The price of Chosera 10K is quite prohibitive IMHO. The reviews I've read were very positive, but I cant justify $250+ on a stone. 
I have Naniwa SS 10K and I quite like it. It leaves nice mirrorish polish and leave some bite if not used excessively.


----------



## Keith Sinclair

slash said:


> Does anyone have experience with the 10,000 chosera?



I bought a 10K used Chosera with a fair size chip in the side, from KCMA years ago. I used it as a polishing stone for a while I soaked it too long (didn't know better) and developed hairline crack patterning across the surface. Did not affect sharpening.

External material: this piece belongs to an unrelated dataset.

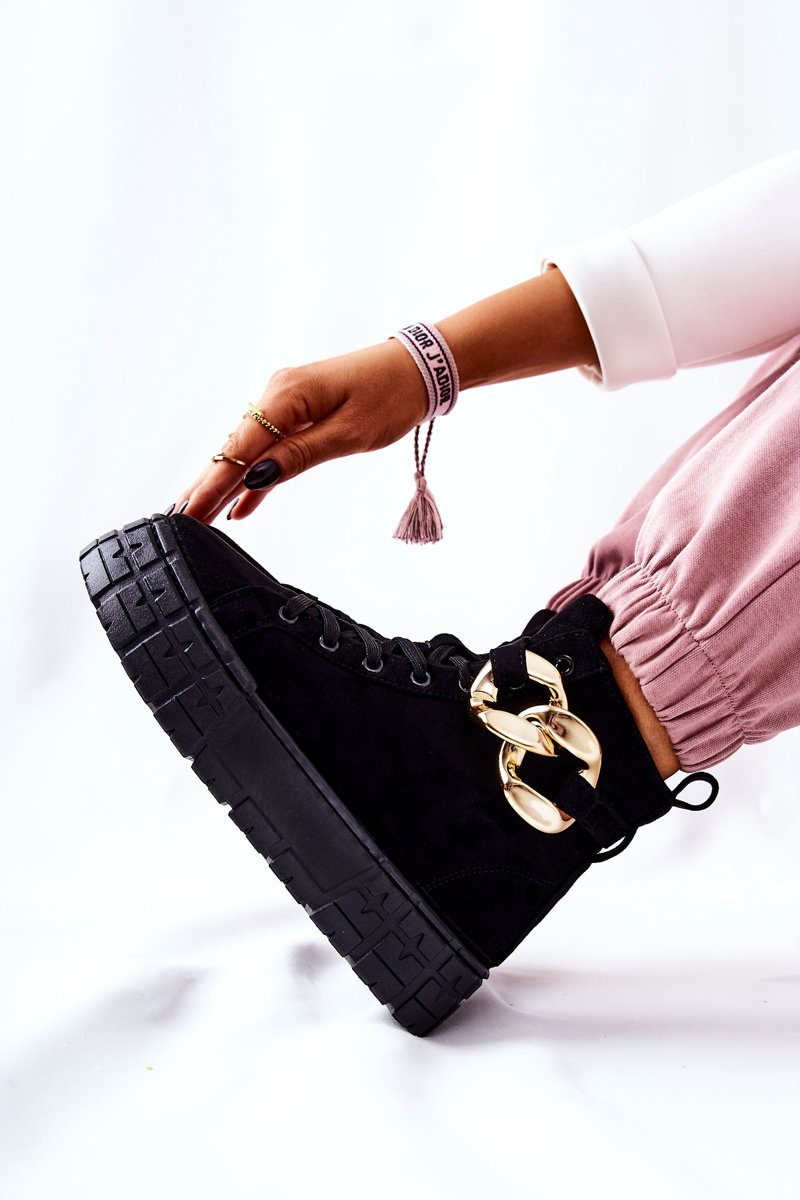 Buty zostały wykonane z zamszowej eko skóry. Wysokie trampki posiadają ozdobny łańcuch na pasku, który jest zapinany na sprzączkę. Można go także całkowicie zdjąć. Buty posiadają wysoką, stabilną platformę. Wśrodku znajduje się materiałowa wkładka. Koniecznie sprawdź także pozostałą naszą ofertę trampek na platformie! Przy wyborze rozmiaru prosimy sugerować się tabelą rozmiarów.

I prefer the feedback of the Gesshin 8K. Also like my Kitayama 8K either great for single bevels.


----------



## slash

O.k so sticking with choseras... i have read that the 5,000 grit are prone to breaking in half, do you find this to be true?
Why.. is it because they are left in water to long or is it just in their nature to be fragile.


----------



## masibu

I suppose it could be oversoaking as I did try soaking my 5k stone a while back (not even for a long period, like an hour or so). The cracks could be from drying out too fast or something


----------



## Roger

Don't soak the Naniwas, splash or spray them.


----------



## Soccerman

You can't get a good feedback like Choseras from Shapton, I have some shaptons and choseras, I love choseras, the frictional feeling on the choseras is so good.


----------